# WHAT YOU WILL DO
Quote only the lines that start at the line with "Краснодарский край. Бомба, 25" and run to the end of the entries; omit the pictures.

# RECORDS PROVIDED
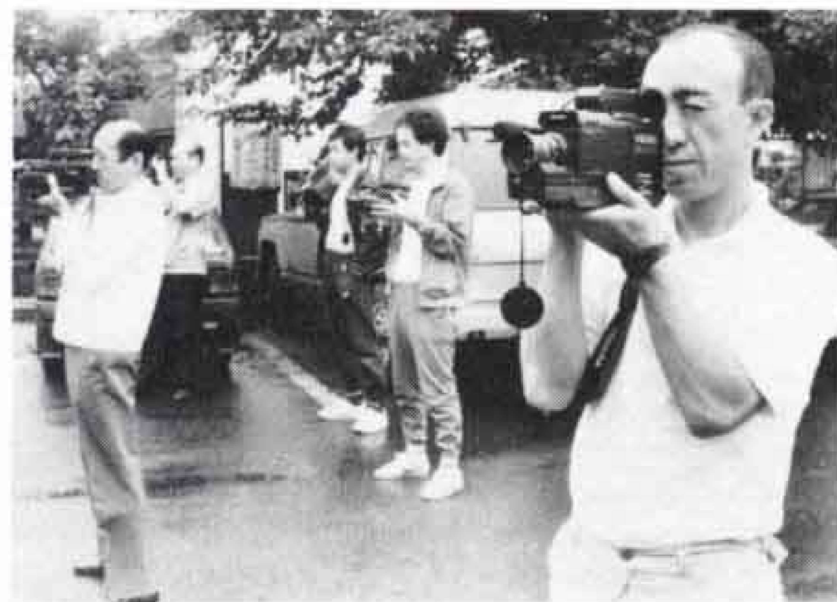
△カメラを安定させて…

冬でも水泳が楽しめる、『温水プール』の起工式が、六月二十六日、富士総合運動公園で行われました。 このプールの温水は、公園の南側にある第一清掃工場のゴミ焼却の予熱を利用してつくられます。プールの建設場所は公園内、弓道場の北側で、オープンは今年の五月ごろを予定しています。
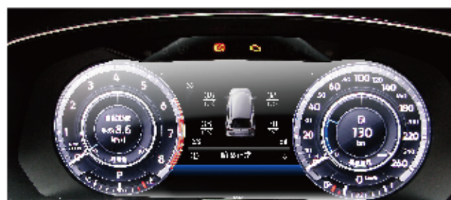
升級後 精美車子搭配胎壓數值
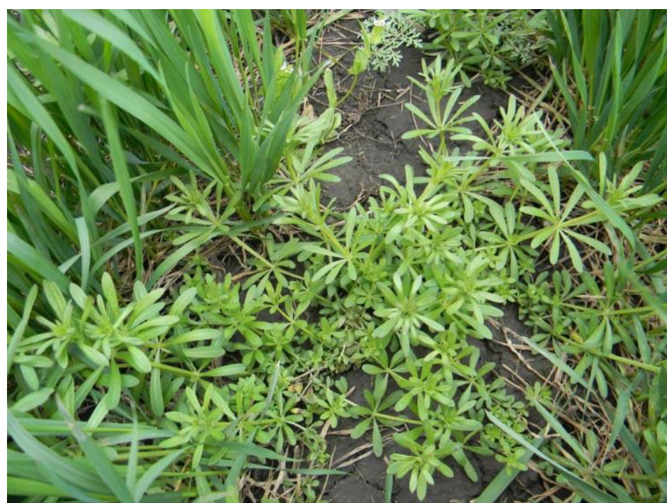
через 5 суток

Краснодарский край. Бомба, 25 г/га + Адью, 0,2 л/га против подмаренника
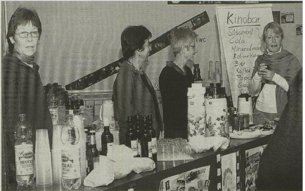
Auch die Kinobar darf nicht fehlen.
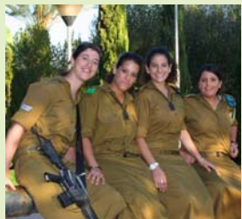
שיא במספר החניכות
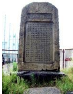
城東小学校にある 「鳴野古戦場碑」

# TASK SOLUTION
Краснодарский край. Бомба, 25 г/га + Адью, 0,2 л/га против подмаренника
Auch die Kinobar darf nicht fehlen.
שיא במספר החניכות
城東小学校にある 「鳴野古戦場碑」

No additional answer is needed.